Why Taking a Lunch Break Can Boost Your Career

NEW YORK (MainStreet) — Be honest: how many days each week do you actually take a lunch break? While you might think that working through lunch will show your boss that you're a model employee, skipping a much-needed midday break might actually have the opposite effect by wearing you out.

"A lunch break is important for your physical and mental health," says psychologist Frank J. Sileo, executive director for The Center for Psychological Enhancement in Ridgewood, N.J. "Studies have shown that taking a lunch break can reduce stress. Time for relaxation away from work has also been correlated with heightened productivity and creativity."

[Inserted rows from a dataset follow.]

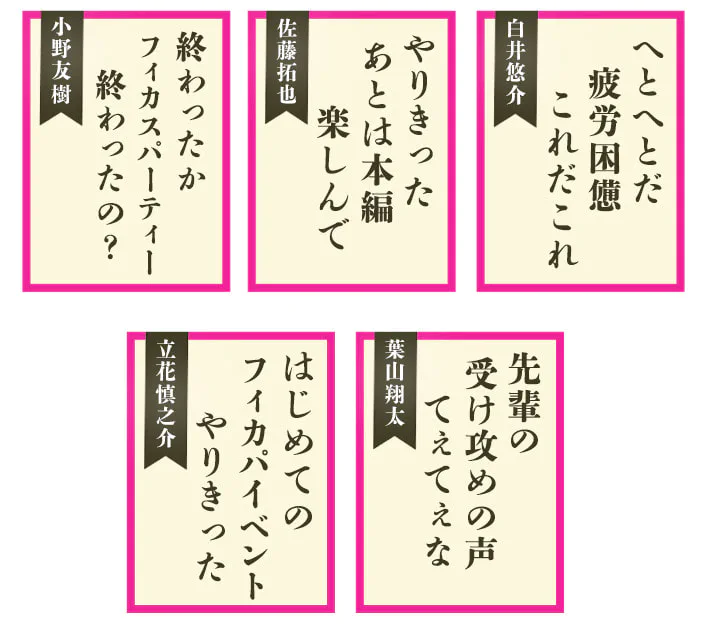 小野「今日はMCも務めさせていただきありがとうございました。二大会連続出演という事で(白井さん「大会だっけ???」)、はい、選手宣誓!という形で出させていただいたんですけれども、ゆうすけが言った通り『これこれ!』と言う感じがフィカスパーティーの良さですね。しかも4thも決まっていると!スケジュールの方を早めにいただければと思いますけれども!『また参加したいな~~』っていう思いがすごくあるイベントなので、皆さんもぜひお会いできればなと思います。
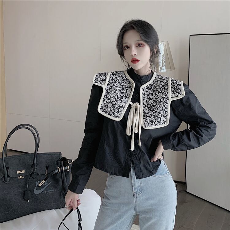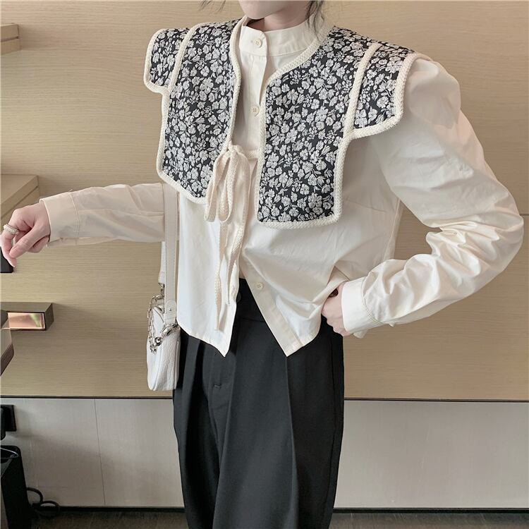 トップス レディース 送料無料 レイヤードシャツ ワンピース ケープ付き セーラー襟 花柄 小花柄 フラワー ベーシック ダブルポケットシャツ スリットシャツ おしゃれ スタイル 着痩せ 体形カバー インスタ トレンド きれいめ かわいい エレガント かっこいい ナチュラル コットン 綿 ゆったり ゆる リラックス リゾート 旅行 お出かけ オフィス OL 通勤 大人かわいい ホワイト 白 シャツ S M L XL 2XL バックスリット 上品 着回し メンズライク ユニセックス ジッパースリット
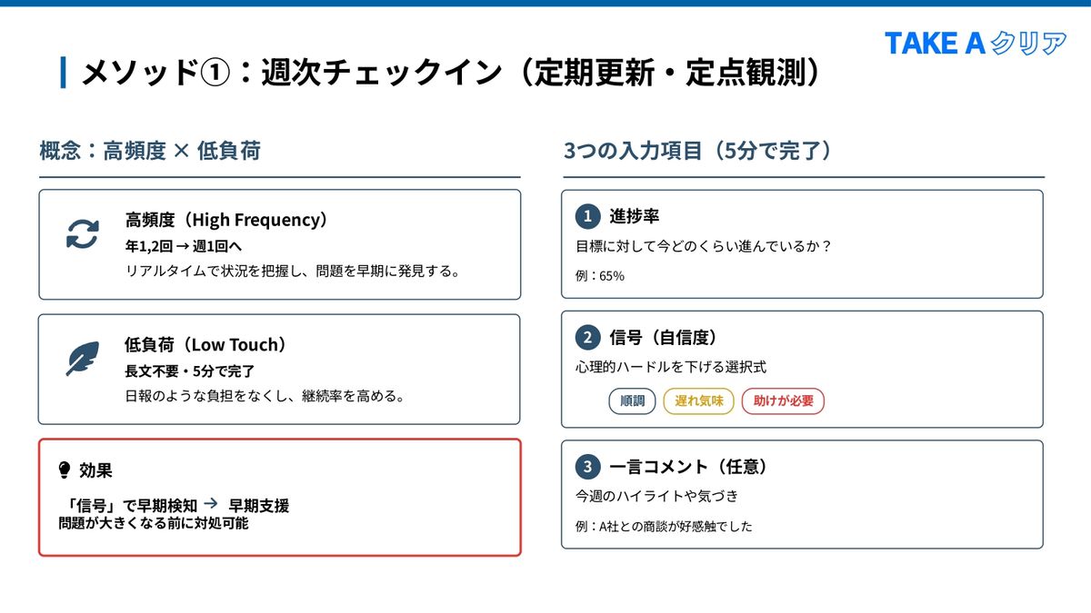 概念としては高頻度・低負荷でしっかりと回していこうということで、管理職の方に依存するのではなく、会社の共通のイベントとして必ずやっていこうというところが、このチェックインという概念、週次の管理になってきます。
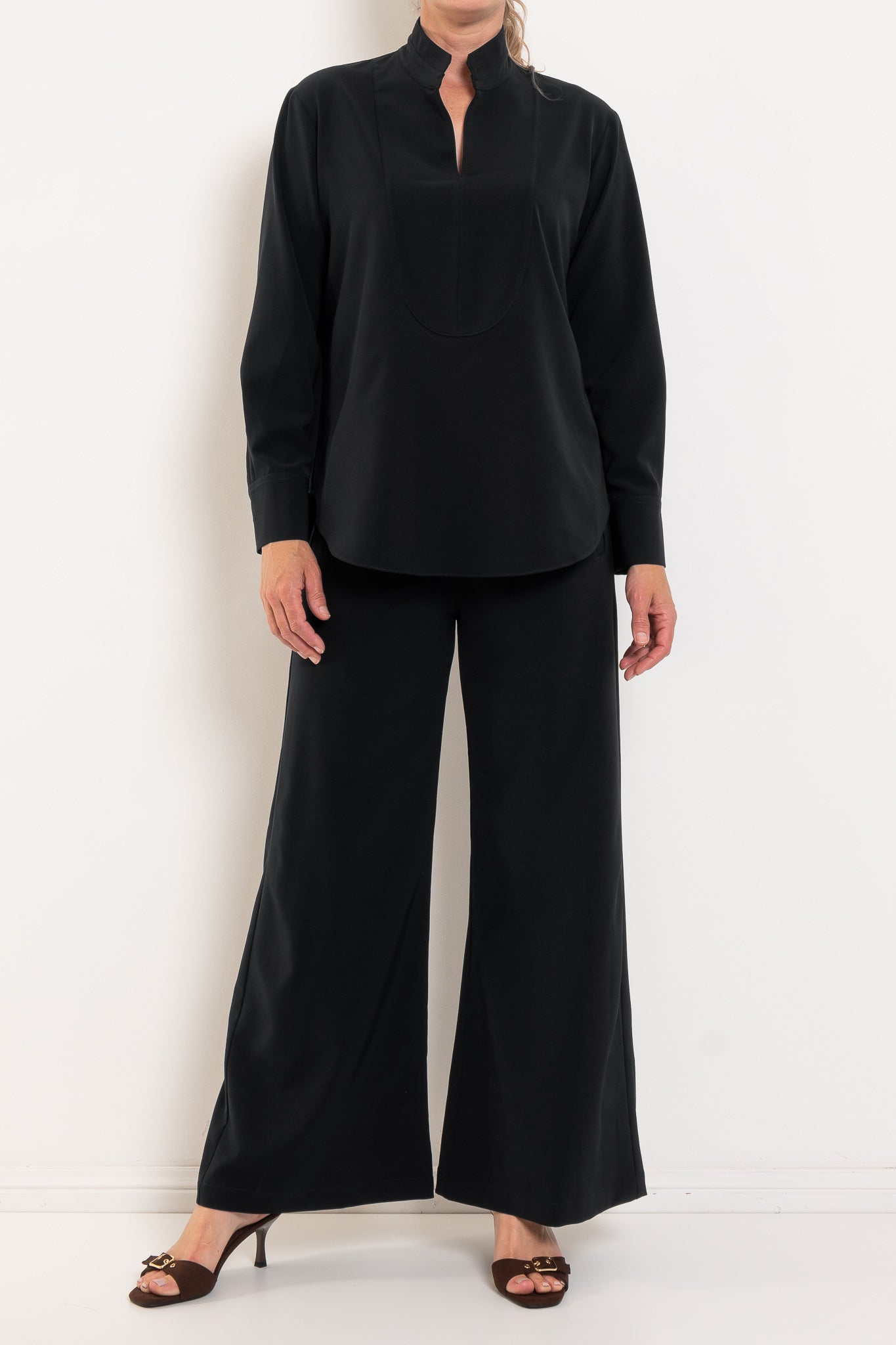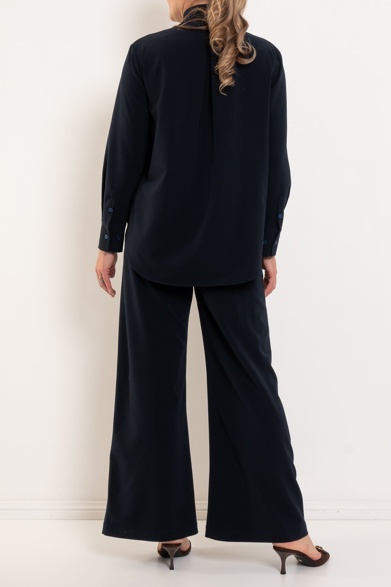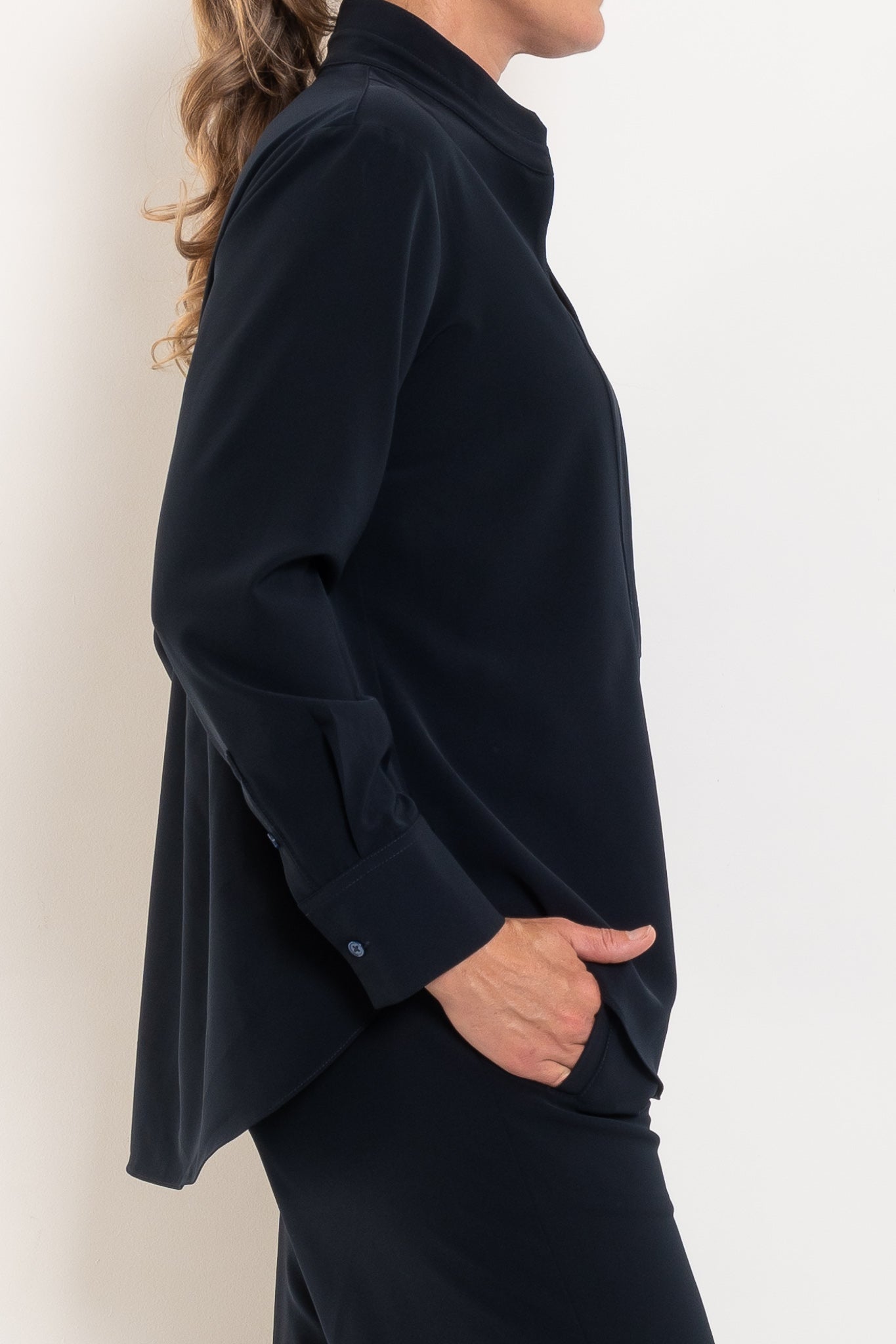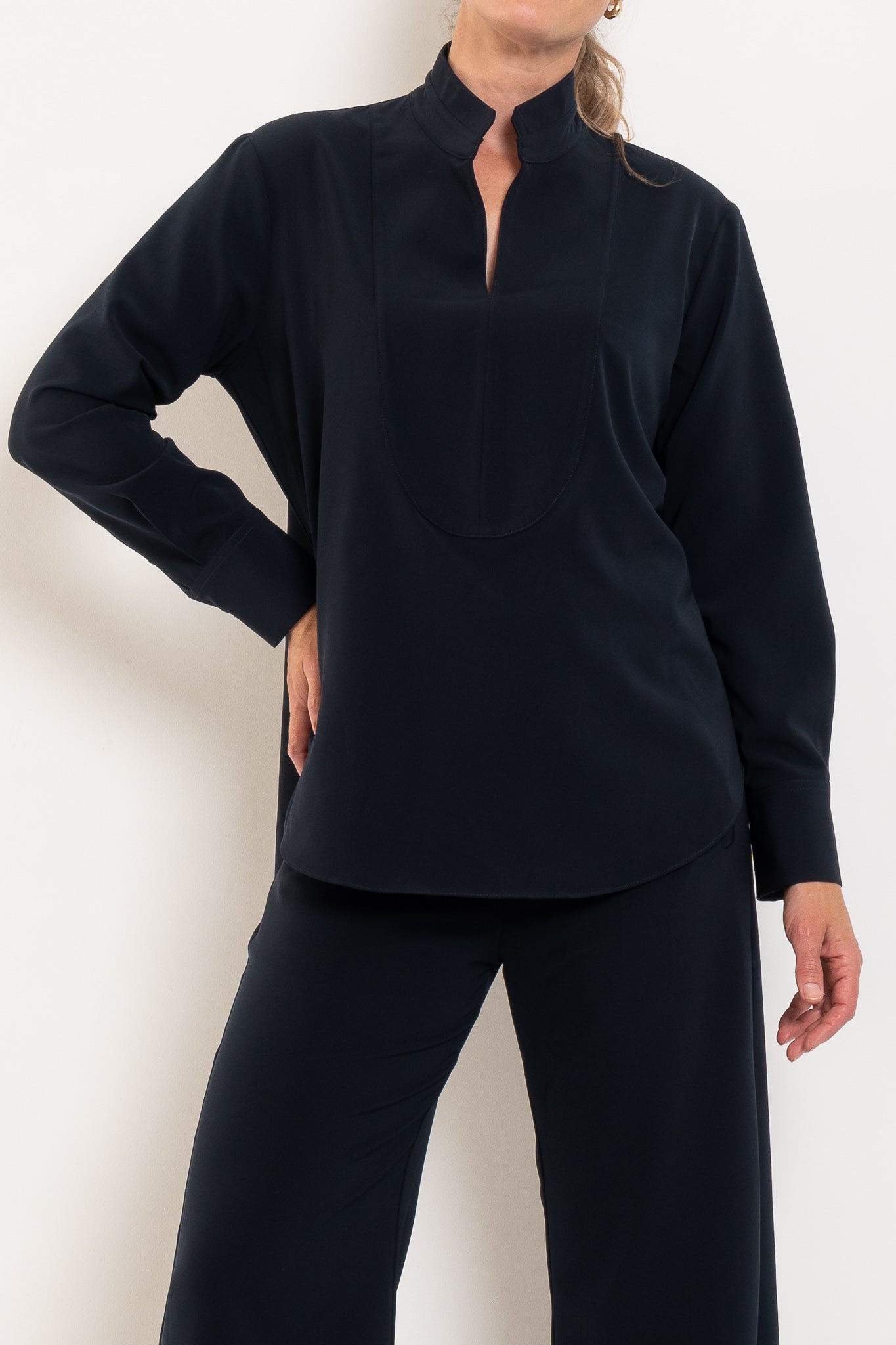 Crafted from Mela Purdie’s innovative Flex Weave, this refined shirt offers the perfect balance of structure and stretch. The minimalist twill weave has a smooth matte finish that feels modern and sophisticated, while the four-way stretch ensures all-day comfort. Clean lines, a softly curved hem and subtle front yoke detailing elevate the silhouette, making it an easy piece to style from workdays to weekends. Designed to sit beautifully over tailored pants or relaxed separates, it’s the kind of elevated essential that quickly becomes a wardrobe favourite.
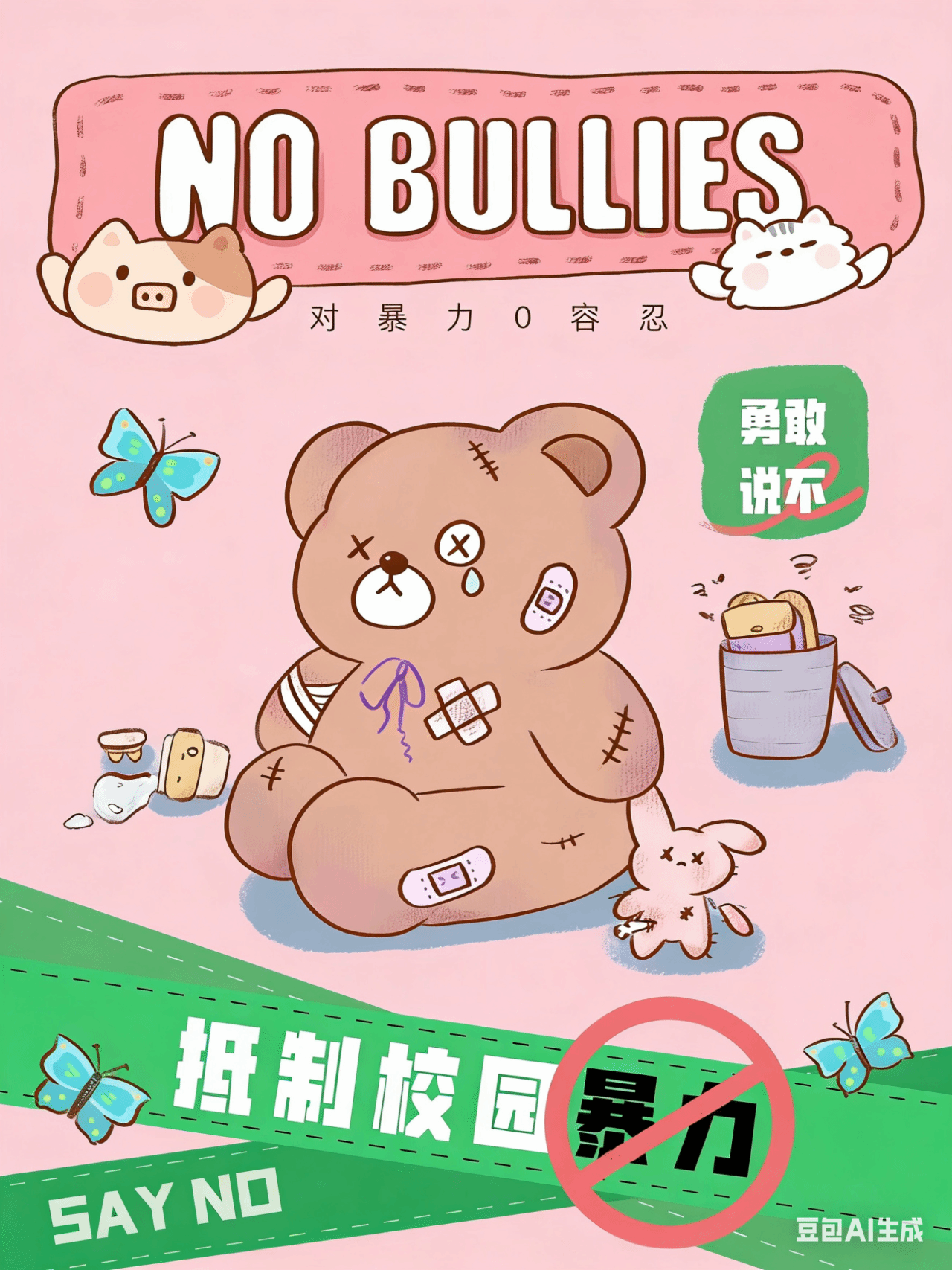 看到校园霸凌时,不围观、不参与、不纵容,及时向学校或老师报告,避免霸凌升级,做正义的守护者。
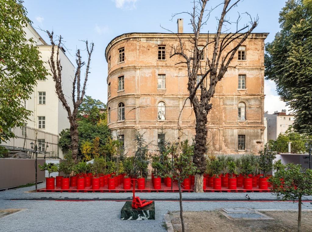 Bu yıl bienal, Beyoğlu–Karaköy hattında yürüme mesafesindeki sekiz mekâna yayılıyor. Eski Fransız Yetimhanesi Bahçesi’nde sanatçı Khalil Rabah’ın yerleştirmesi karşılıyor bizi. Su ile zemini buluşturan kırmızı uzun borular, kalabalıkta yürümeye çalışanları yönlendiriyor; kimi izleyicilerden “çantalarımızı buraya koymayalım” fısıltıları duyuluyor. Böyle anlarda bienalde yer alan eserlerin mekânla kurduğu ilişki, izleyici ve eser arasındaki yaklaşımı da etkileyebiliyor. Neyse ki kahkahalar eşliğinde şu cevap geliyor: Koyun çantanızı, ne de olsa sanat yaşayan bir şey!
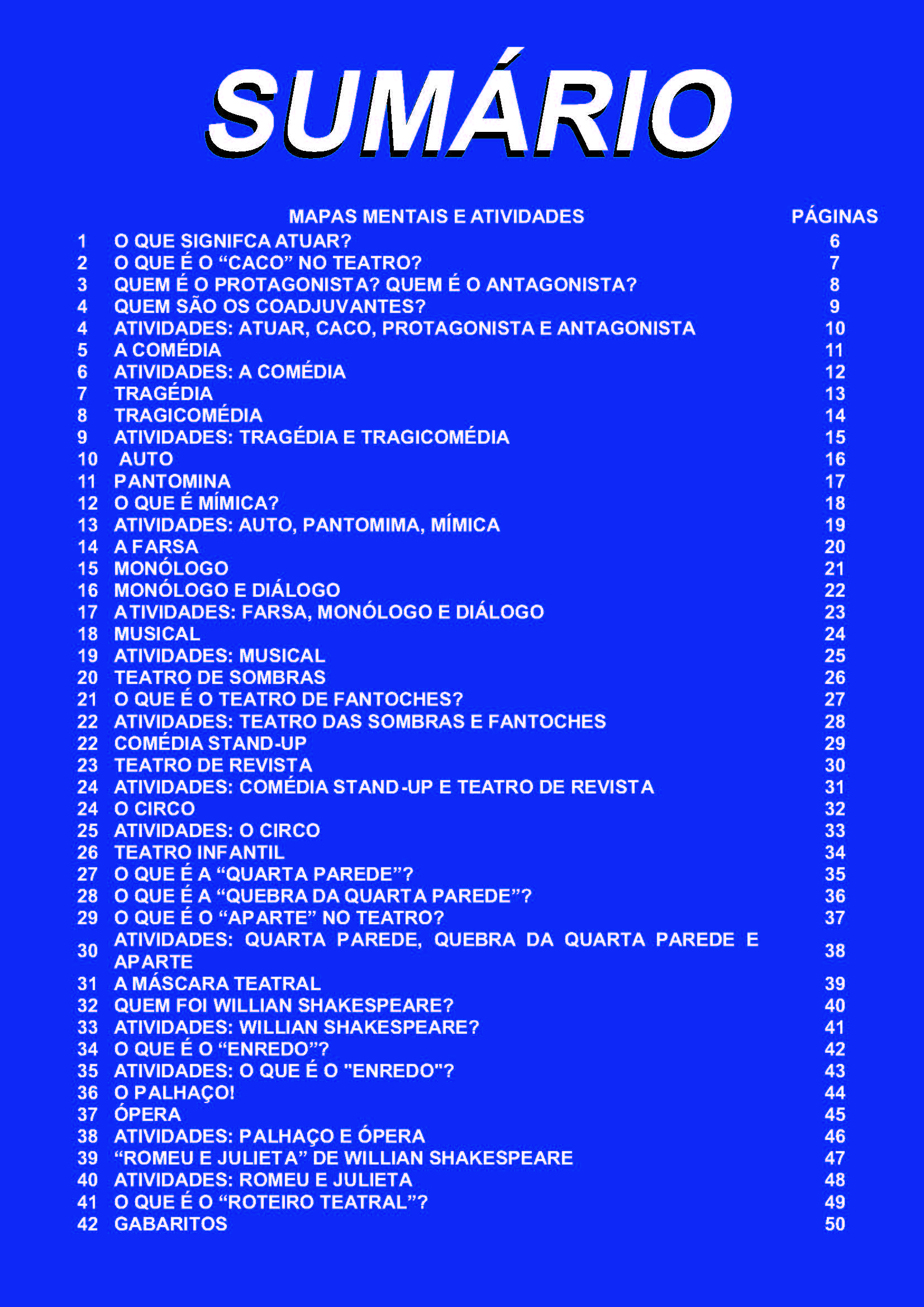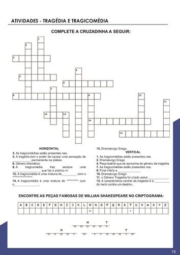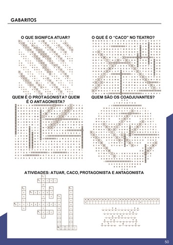 Dessa maneira, o conjunto das 41 atividades aqui propostos (30 caça-palavras e 11 páginas com cruzadinhas e criptogramas) incluem o conteúdo de todo ensino fundamental e médio no que concerne ao TEATRO de acordo com a Base Nacional Comum Curricular (BNCC).

If you generally work through lunch or only take a short break, you're not alone. According to a recent survey by OfficeTeam, a global staffing service, nearly half (48%) of U.S. workers said their typical lunch break lasts 30 minutes or less.

However, experts say that lunch breaks should ideally be at least 30 to 45 minutes—and strongly advise spending that time away from your desk.

"When you eat at your desk, it does not really constitute a real break from work and may involve doing a host of work-related tasks such as answering the phone and responding to emails while eating," says Sileo. "Eating at your desk may also lead to overeating, because when you are working at your desk you may not pay attention to what and how much you are eating."

When choosing what to eat for lunch, avoid sugary, greasy foods and instead opt for a nutritious, well-balanced meal.

"We advocate eating low-carb, high natural fat foods that help maintain blood sugar levels and minimize stress," says John Salerno, M.D., director of The Salerno Center for Complementary Medicine in New York City.

Aside from eating, beneficial activities to enjoy during your lunch break include taking a walk, working out at the gym or going to a quiet room to practice yoga or meditation, says stress and mindful living consultant Kathleen Hall, founder and CEO of The Mindful Living Network and The Stress Institute.